St. Jude Medical (NYSE:STJ) reported flat sales for the 2nd quarter, but still managed to beat out Wall Street’s earnings forecast and raised the bottom end of its earnings forecast for the full year.
The St. Paul, Minn.-based medical device company posted profits of $115 million, or 40¢ per share, on sales of $1.40 billion during the 3 months ended June 29.
That’s a -0.5% decline in sales and a 52.9% decline in profits compared with the same period last year, but the profit numbers include after-tax charges of $160 million, or 56¢ per share, as St. Jude Medical continued its restructuring plan and retired some of its long-term debt, according to a press release.
Excluding the 1-time charges, adjusted earnings per share were 96¢, 2¢ ahead of expectations on The Street.
"During the 2nd quarter, St. Jude Medical made good progress towards accelerating our sales growth on a sustainable basis. Our operating discipline, healthy balance sheet and strong cash flow will continue to allow us to fund disciplined acquisitions and return value to shareholders. We remain confident in our ability to deliver double-digit constant currency growth in 2013 adjusted earnings per share," chairman, president & CEO Daniel Starks said in prepared remarks.

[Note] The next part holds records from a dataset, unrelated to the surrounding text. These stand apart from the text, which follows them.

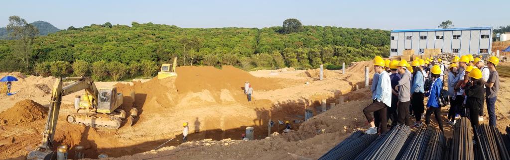 11月1日下午,由122cc太阳集成游戏张威威、陈奕、阴凡3位老师带队,122cc太阳集成游戏工程造价162班的53名学生做为第一批学生前往增城校区进行工地实践教学。
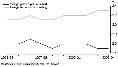Changes in household size and in the average number of bedrooms per dwelling have led to improvements in housing suitability. Western Australians are increasingly living in houses with more bedrooms and fewer people. The average number of bedrooms per dwelling increased from 3.1 in 1994-95 to 3.3 in 2003-04. At the same time, the size of the average household decreased slightly from 2.6 to 2.5 persons. Nationally, the number of bedrooms per dwelling rose from 2.9 to 3.0, and the average household size fell from 2.7 to 2.5 persons over the same period.
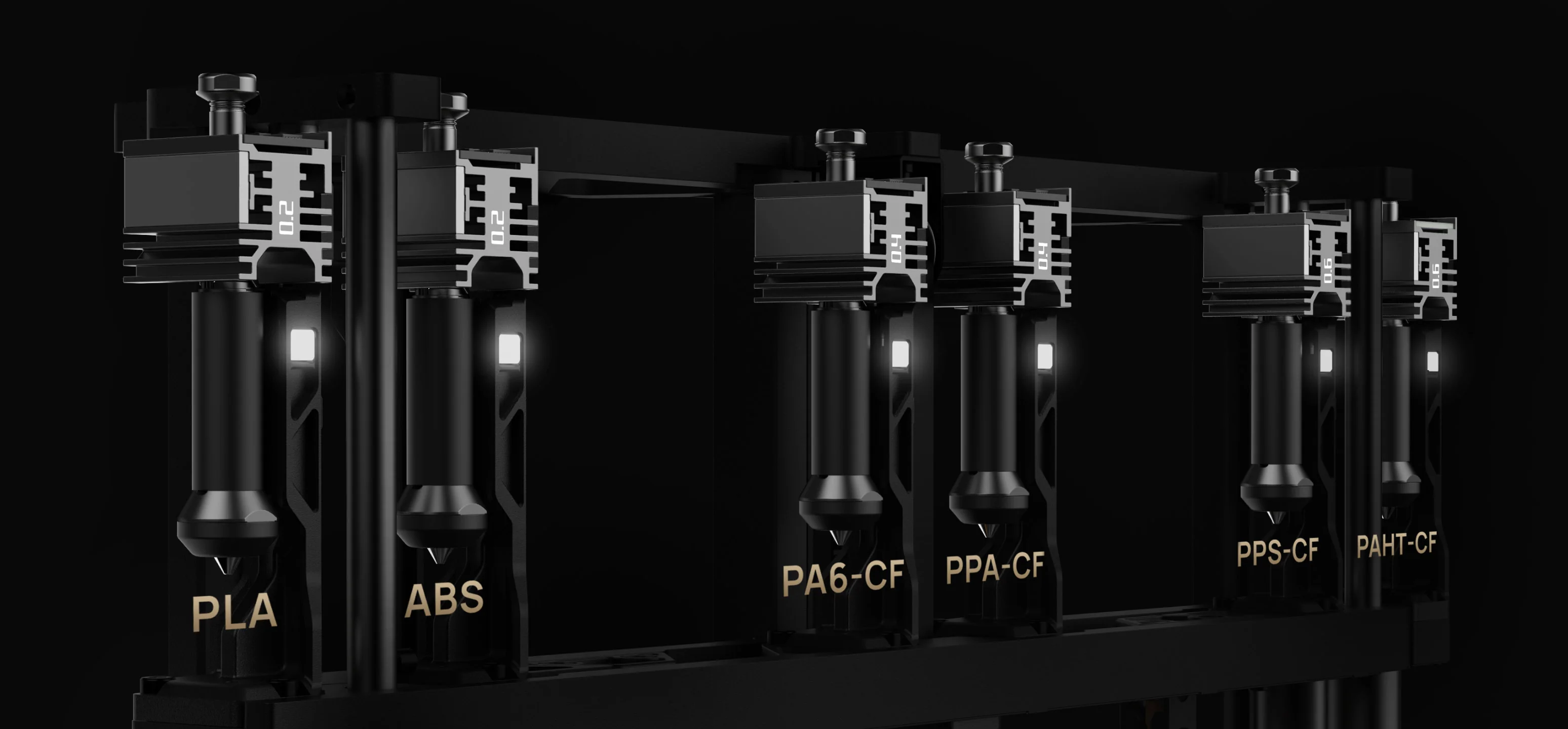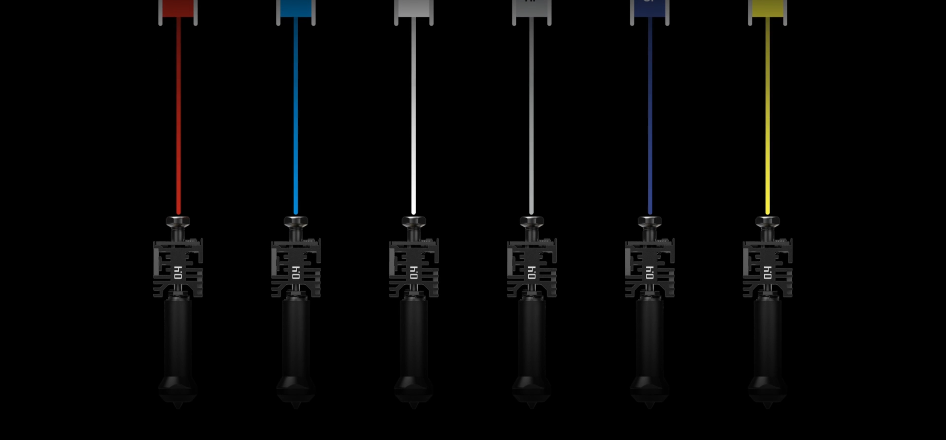 Comme seul la hotend est échangé, le système peut accueillir jusqu’à 6 hotends interchangeables sans réduire significativement le volume d’impression. Cela signifie plus de matériaux, plus de couleurs et plus de possibilités, le tout en une seule impression.

St. Jude Medical said it expects to post EPS of 88¢-90¢ during the 3rd quarter and raised the lower end of its earnings guidance by 2¢, to $3.70-$3.73 from $3.68-$3.73.
Investors reacted positively to the news, sending STJ shares up 2.1% to $49.47 apiece in pre-market trading.

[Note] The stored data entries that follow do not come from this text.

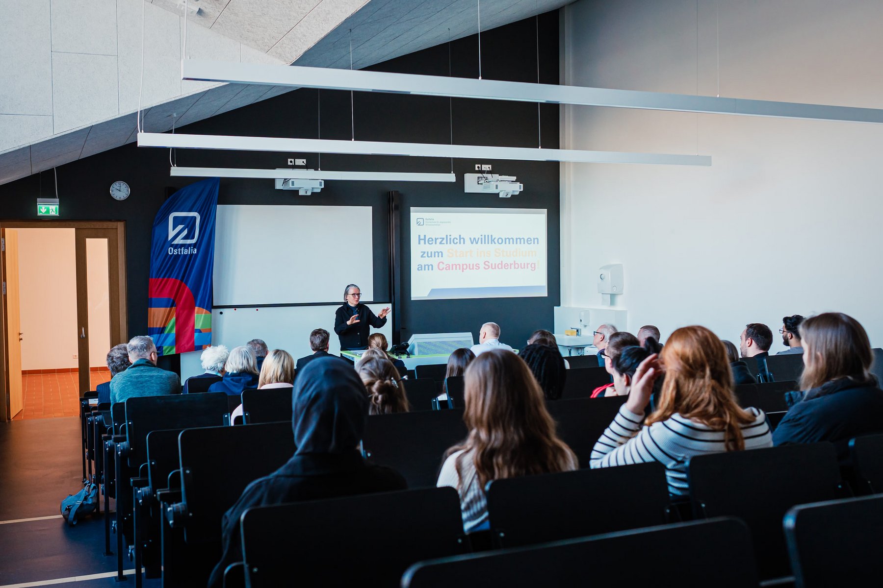 Die neuen Studierenden werden an den verschiedenen Campus-Standorten von den Vizepräsident*innen der Ostfalia begrüßt – nicht mit steifen Floskeln, sondern mit inspirierenden Gedanken. Zum Beispiel, dass Studium nicht nur heißt, Leistungspunkte zu sammeln, sondern vor allem auch, sich auszuprobieren – fachlich und persönlich. Zukunftsthemen, die unsere Gesellschaft prägen werden, zu entdecken, den eigenen Standpunkt dazu entwickeln, darum geht's an der Ostfalia.
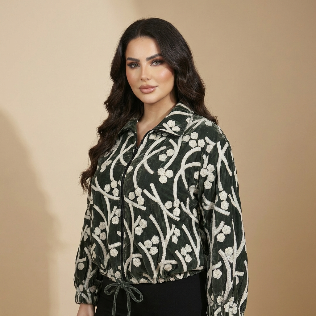 Luxurious emerald green velvet jacket adorned with elegant cream floral embroidery. This premium piece features an intricate botanical pattern with curved stems and delicate flower motifs throughout, creating a sophisticated and refined look.
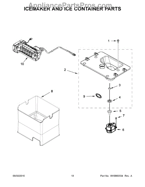 Parts for Whirlpool 7WF736SDAM14: 10 - Icemaker And Ice Container Parts
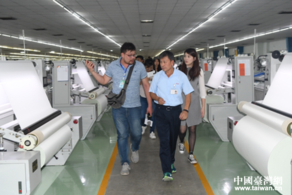 臺干林云炎介紹玻纖布制作工藝。(圖片來源:四川省臺辦)
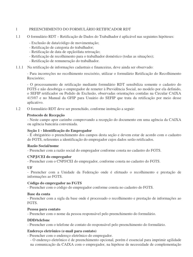 1 PREENCHIMENTO DO FORMULÁRIO RETIFICADOR RDT

Sales for its cardiac rhythm management division were $718 million during the quarter, down 4% compared with Q2 2012, with implantable cardiac defibrillator sales slipping 1% to $454 million and pacemaker sales down 8% to $264 million.
That could be a sign that the ailing CRM market is recovering, Leerink Swann analyst Danielle Antalffy wrote in a note to investors this morning.

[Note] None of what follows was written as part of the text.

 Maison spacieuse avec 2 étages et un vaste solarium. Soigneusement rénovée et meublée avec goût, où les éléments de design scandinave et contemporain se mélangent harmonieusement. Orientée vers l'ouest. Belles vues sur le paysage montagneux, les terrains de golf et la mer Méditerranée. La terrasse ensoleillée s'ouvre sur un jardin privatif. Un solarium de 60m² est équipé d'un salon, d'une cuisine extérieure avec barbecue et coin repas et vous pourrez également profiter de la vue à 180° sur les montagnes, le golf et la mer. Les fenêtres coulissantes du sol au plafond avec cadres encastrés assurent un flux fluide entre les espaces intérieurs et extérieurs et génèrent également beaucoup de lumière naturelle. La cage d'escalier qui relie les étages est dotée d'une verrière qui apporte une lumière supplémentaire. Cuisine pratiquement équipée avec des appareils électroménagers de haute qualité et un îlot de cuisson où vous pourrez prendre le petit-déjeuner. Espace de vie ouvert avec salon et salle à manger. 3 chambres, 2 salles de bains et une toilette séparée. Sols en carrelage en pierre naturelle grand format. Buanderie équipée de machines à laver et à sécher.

"Encouragingly, STJ beat on almost all major product lines, including a meaningful beat on ICDs that could imply: (1) market share gains supported by the ongoing Quadra rollout and positive data from HRS that may have largely mitigated Durata lead concerns; and/or (2) a potentially stabilizing — and maybe even recovering — ICD market, particularly in the U.S.," Antalffy wrote.